Annu, avergonzado, dijo: —Con tanta gente aquí, si me acerco directamente, ¿no los asustaré?
Hace un momento, cuando saltó para alcanzarlos, casi le dio un infarto al anciano de cabello blanco; de no ser porque Jiang Zhuo fue rápido como un relámpago, el anciano habría entregado su vida allí mismo. Al ver que asustaba a la gente, Annu ya no se atrevía a correr libremente. En ese momento, estaba envuelto en una túnica de piel, cubriéndose la cabeza fuertemente por temor a que alguien le viera la cara.
Jiang Zhuo sugirió: —En un momento puedes fingir ser una marioneta. Estos comerciantes de sal han viajado mucho y han visto de todo; seguro que no se te quedarán mirando.
Luo Xu observó al grupo de comerciantes de sal: —El Departamento Tianming ha sellado completamente el pueblo, ¿por qué siguen reunidos aquí?
Jiang Zhuo respondió: —Bueno, sobre eso no lo sé. Puedes preguntarle a mi pequeña hermana marcial, ella suele tratar con los comerciantes de sal y seguramente conoce mejor los detalles.
Tian Nanxing daba muchos menos dolores de cabeza que Jiang Zhuo y su hermana marcial mayor.

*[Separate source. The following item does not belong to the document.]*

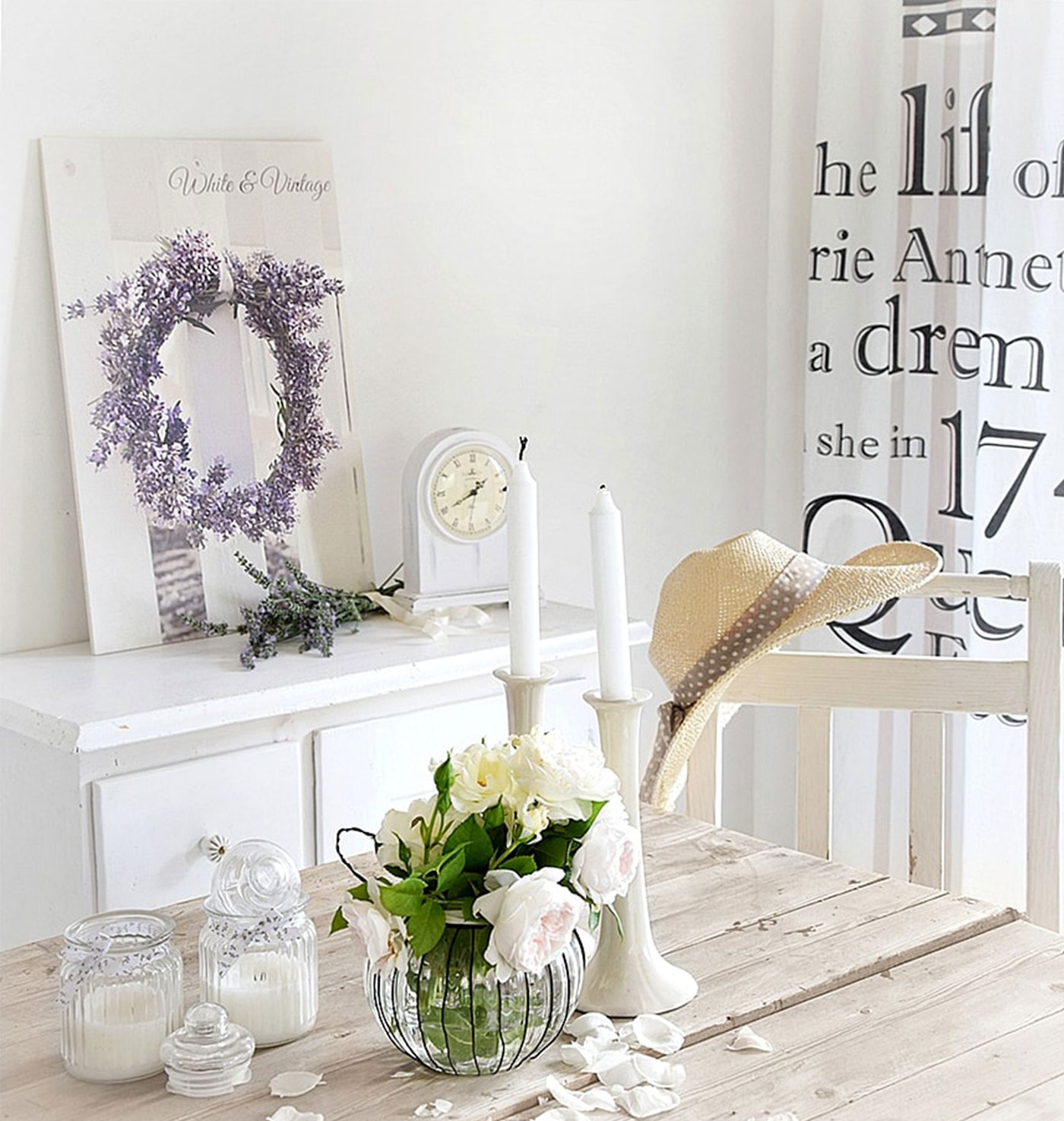 Die Grundfarbe unserer Einrichtung ist Weiß. Ich liebe es, wenn alles um mich hell und luftig ist. Durch das viele Weiß kommen einzelne Farbakzente besonders gut zur Geltung. Je nach Jahreszeit verwende ich gerne pastellige oder auch mal kräftigere Farben. Am liebsten setze ich Farbakzente in Form von Blumen. Blumen sind das ganze Jahr über in meiner Wohnung zu finden. Für mich persönlich ist das Geheimnis eines gelungenen Stilllebens die Harmonie und Verbindung zwischen den einzelnen Objekten. Wenn alle Elemente zusammen eine Geschichte erzählen, dann wird das Stillleben zu einem harmonischen Ganzen und somit zu einem wahren Blickfang. Eine wichtige Rolle bei meinen Dekorationen spielen alte Gegenstände aus längst vergangenen Zeiten. Ich liebe solche Dinge, die Geschichte und Vergangenheit schreiben, für mich sind das kostbare Schätze.

Por lo tanto, si había algún tesoro o talismán secreto que no pudiera enviarse mediante la Ficha de Envío Volador, la Señora Shiyi se lo encomendaba a ella. Cada vez que bajaba de la montaña, viajaba en los carruajes de los comerciantes de sal, por lo que efectivamente sabía más del tema. Así que explicó: —Si están reunidos aquí, en realidad es por la palabra ‘lealtad’.
Luo Xu preguntó: —¿Lealtad?
Tian Nanxing señaló hacia el camino por el que habían venido: —Ellos viajan de sur a norte y pueden moverse sin obstáculos entre los territorios de las diversas sectas precisamente gracias a esa ‘lealtad’. Según sus reglas, si a una sola persona de la caravana le sucede algo, los demás deben desenvainar sus espadas y acudir en su ayuda.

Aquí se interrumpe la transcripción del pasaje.